The purpose of this paper is twofold. In one direction, we extend the spectral method for random piecewise expanding and hyperbolic (Anosov) dynamics developed by the first author et al. to establish quenched versions of the large deviation principle, central limit theorem and the local central limit theorem for vector-valued observables. We stress that the previous works considered exclusively the case of scalar-valued observables. In another direction, we show that this method can be used to establish a variety of new limit laws (either for scalar or vector-valued observables) that have not been discussed previously in the literature for the classes of dynamics we consider. More precisely, we establish the moderate deviations principle, concentration inequalities, Berry–Esseen estimates as well as Edgeworth and large deviation expansions. Although our techniques rely on the approach developed in the previous works of the first author et al., we emphasize that our arguments require several nontrivial adjustments as well as new ideas.
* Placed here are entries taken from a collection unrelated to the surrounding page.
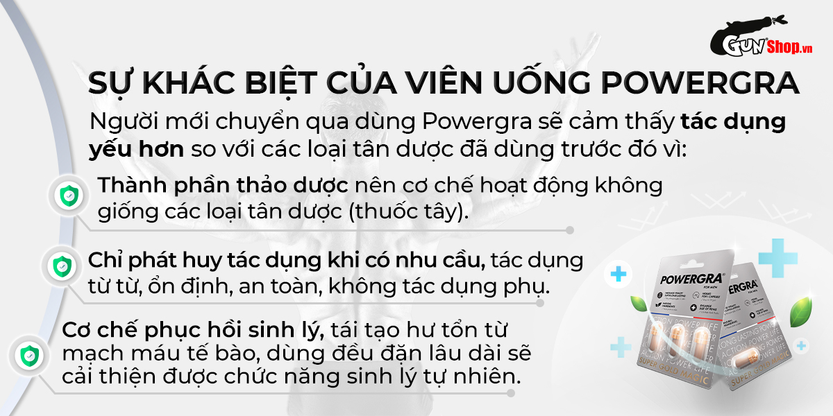 ✪ Thông tin: Powergra For Men được tổng hợp từ các loại thảo dược tự nhiên cao cấp và quý hiếm nên cực kỳ an toàn và tốt cho sức khỏe của người sử dụng. Sản phẩm có tác dụng giúp bổ thận, giúp tăng cường sinh lực, tăng cường sinh lý, tăng độ cứng, tăng thời gian hoạt động. Chỉ cần uống 1 viên 2 tiếng trước khi quan hệ, bạn sẽ trở nên sung mãn và phong độ hơn bao giờ hết. Đặc biệt, ngoài tác dụng nhanh tại chỗ, sản phẩm còn giúp bồi bổ cơ thể, giúp cải thiện và phục hồi sinh lý về lâu dài, giúp bạn chấm dứt được tình trạng sinh lý kém làm bạn mất sự tự tin bấy lâu nay.
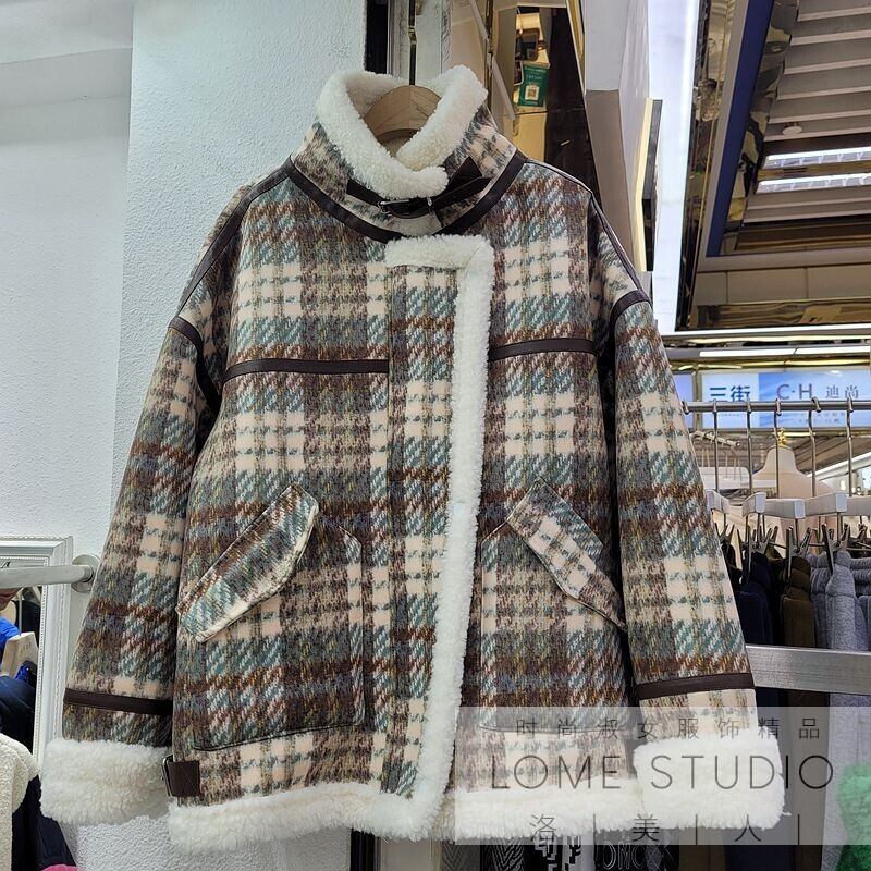 チェック柄 ボアウールジャケット ボアウールコート ジャケット コート アウター ベルベット ルーズ スタンドアップカラー 2カラー a3914
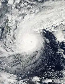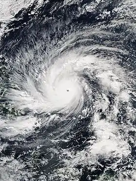 ![]() El supertifón Hagupit en su máximo pico de intensidad el 4 de diciembre de 2014, al este de las Filipinas. | ||
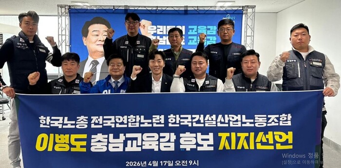 건설산업노조는 선언문을 통해 “건설 현장에서 땀 흘리는 노동자들은 아이들의 부모이자 사회의 구성원”이라며 “아이들이 자라날 교육 현장이 단순한 지식 전달을 넘어 ‘사람 대접받는 세상’과 ‘노동의 가치가 빛나는 사회’를 배우는 공간이 되길 바란다”고 밝혔다. 이어 “충남 교육의 미래를 책임질 적임자로 이병도 후보를 지지한다”고 강조했다.
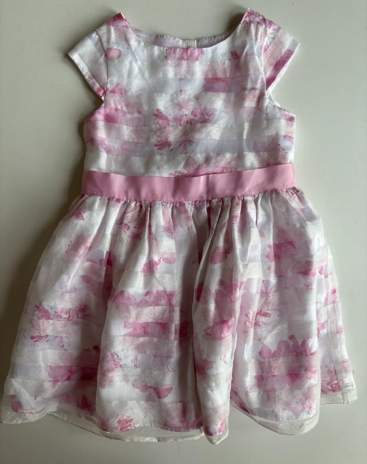 Origami kids girls toddler size 3 pink floral stripe belted party dress, VGUC
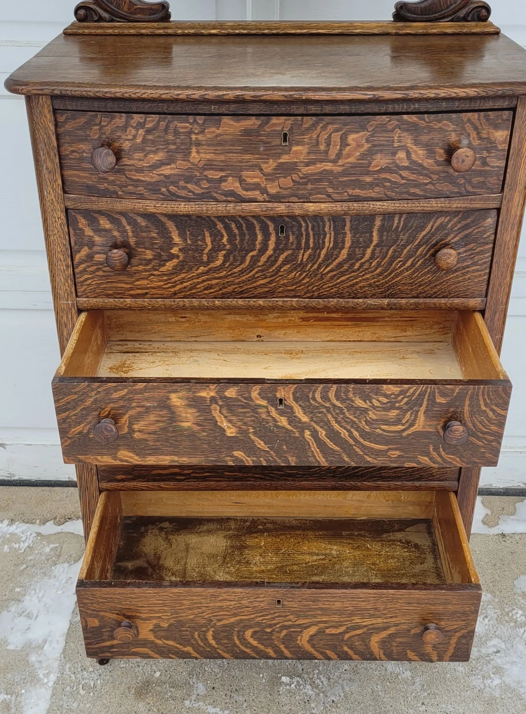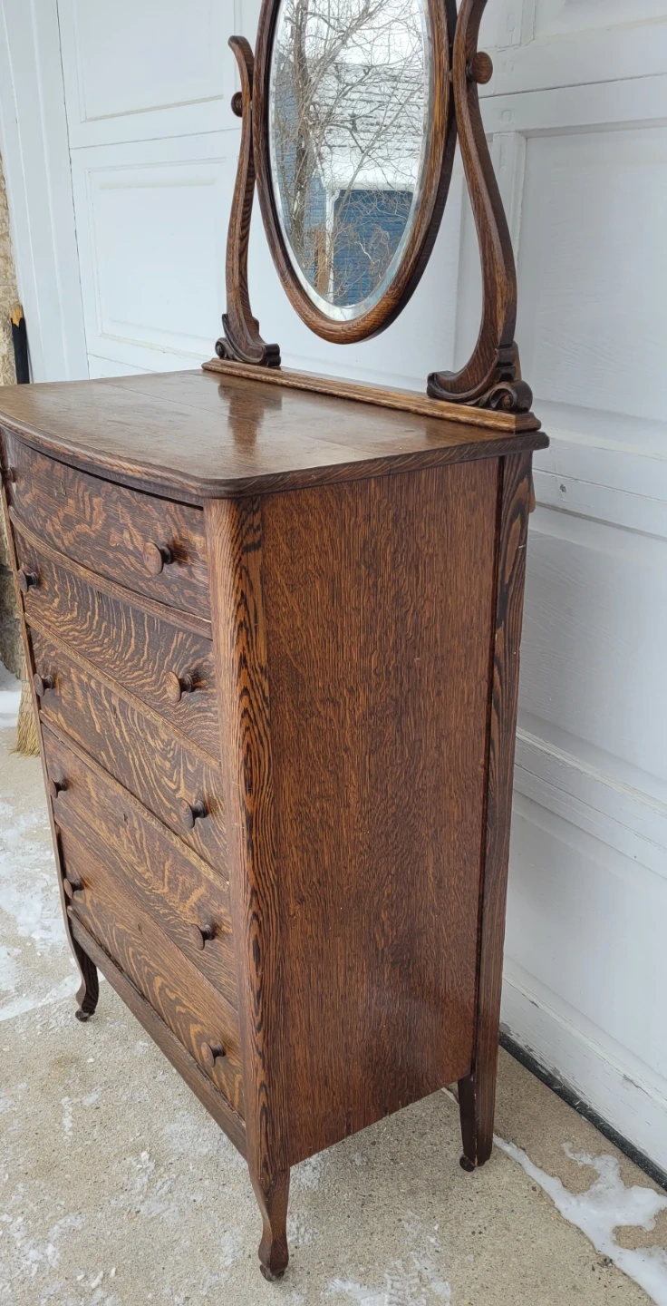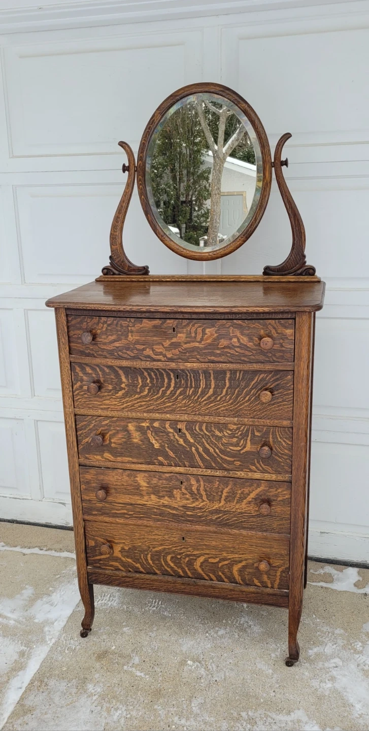 Antique tiger oak 5 drawer highboy dresser and mirror on brass wheels. Wheels roll very well and drawers slide nicely. Each drawer has a skeleton key lock. In good condition.

本文的目的是双重的。在一个方向上，我们扩展了由第一作者等人开发的用于随机分段扩展和双曲线（Anosov）动力学的频谱方法。为向量值建立大偏差原理，中心极限定理和局部中心极限定理的淬火形式可观察的。我们强调指出，先前的工作仅考虑标量值可观测对象的情况。在另一个方向上，我们表明该方法可用于建立各种新的极限定律（用于标量或矢量值可观测值），这些新的极限定律在文献中之前并未针对我们考虑的动力学类别进行过讨论。更准确地说，我们建立了中等偏差原理，浓度不等式，Berry-Esseen估计以及Edgeworth和大偏差展开。尽管我们的技术依赖于第一作者等人先前工作中发展的方法，但我们强调，我们的论点需要进行一些不平凡的调整以及新思想。